Thanks for all the info. This turkey weighed 27.75 pounds, had spurs over 1 inch and a beard that was about 12 3/4. Just a really nice bird. The most beautiful thing you will ever see sitting in the woods. This guy came through strutting with 2 other white toms and it was just amazing. Then I bought him 2 tickets to the gun show.
Kris


----------



## raisinrat (Feb 9, 2006)

There was an article about this in February 2006 Turkey & Turkey Hunting. It starts on pg 12, you all may want to read it. I will scan it for you all to read in few.


----------



## raisinrat (Feb 9, 2006)

*Here it is*

http://209.245.59.102/Gimme/26216447/956839812/89591496/418D8282-00CD-45CF-838C-D99BE3C05741/0.354017/2/Qrigin_of_Domestic_Turkey.pdf 

It may take awhile to load, When it ask to Open or Save click open or you can save it if you want.


----------



## NEMichsportsman (Jul 3, 2001)

Thanks ofr trying Raisin but...
*PRIVATE CONTENT*

(0) The file you are trying to access has not been made publicly available, and cannot be downloaded by anyone but the owner of the file.

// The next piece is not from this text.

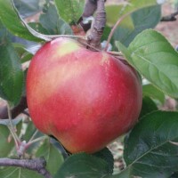 Dozrijeva od početka do sredine listopada. Plod je srednje krupan, okruglast, potpuno prekriven zagasito crvenom bojom s izraženim lenticelama, što ga čini atraktivnim.

Sorry for the inconvenience. 

Contact us if you have any questions, and please include the URL of this document in your correspondence.


----------



## Linda G. (Mar 28, 2002)

http://www.feathersite.com/Poultry/Turkeys/BRKRoyalPalm.html


----------



## oldforester (Feb 12, 2004)

As said, because of the color and size I would expect that there is a little domestic turkey in the background somewhere. Still a nice trophy.


----------